With some many incredible courses dotting the Southern California landscape, it’s no surprise that the area has hosted a handful of golf’s major championships.
Be it the U.S. Open or PGA Championship, Southern California is no stranger to hosting to golf’s greatest talents and being the setting of the sports grandest stages.
Here’s a look at the 1o greatest “major moments” in Southern California:
The 1948 U.S. Open at Riviera Country Club is almost always associated with Ben Hogan — and rightfully so.

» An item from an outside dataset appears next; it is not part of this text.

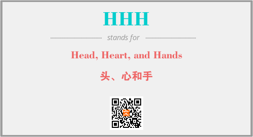 上述内容是“Head, Heart, and Hands”作为“HHH”的缩写,解释为“头、心和手”时的信息,以及英文缩略词HHH所代表的英文单词,其对应的中文拼音、详细解释以及在英文中的流行度和相关分类、应用领域及应用示例等。
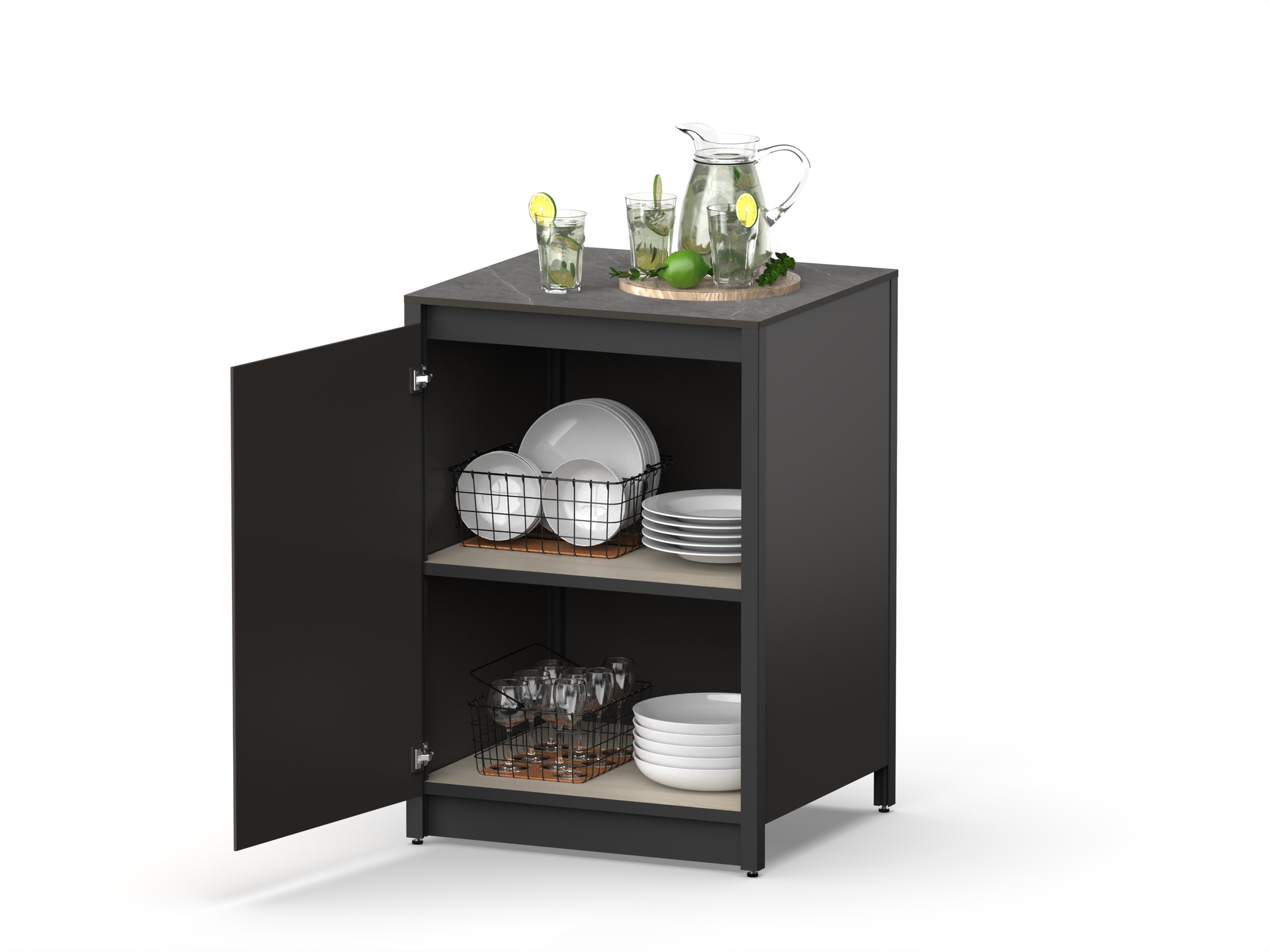 Эргономичность, высокое качество материалов, удобные размеры и регулируемые ножки делают данную кухонную тумбу незаменимым элементом всей уличной зоны. Надежный алюминиевый каркас, влагостойкие столешница и фасад обеспечат сохранность эксплуатационных свойств и внешнего вида конструкции на долгие годы.

But for the African American community, it’s also associated with Ted Rhodes.
For the first time in U.S. Open history, an African American played in the event when Rhodes teed it up against the likes of Jimmy Demaret, Sam Snead and Ralph Guldahl.
Unfortunately, due to race relations of the time, Rhodes never did end up getting his due as a golfer. Despite winning a suit against the PGA Tour (with fellow golfer Bill Spiller), Rhodes never got to play in many events. Most of his career played out on United Golf Association tour.
Rhodes also played a large roll as a mentor in the careers of other African American pioneers Lee Elder and Charlie Sifford.
In 1948, Rhodes made the cut and finished in a tie for 51st — but his legacy off the course is far more important than his results on it.
Played at Hillcrest Country Club in Los Angeles California, the 1929 PGA Championship was the first professional major tournament to be held in the Western United States. For the second straight year it was Leo Diegel who was victorious.
With the country expanding to the west coast and L.A. and Southern California becoming a more and more important part of the United States, the PGA Tour headed west as well.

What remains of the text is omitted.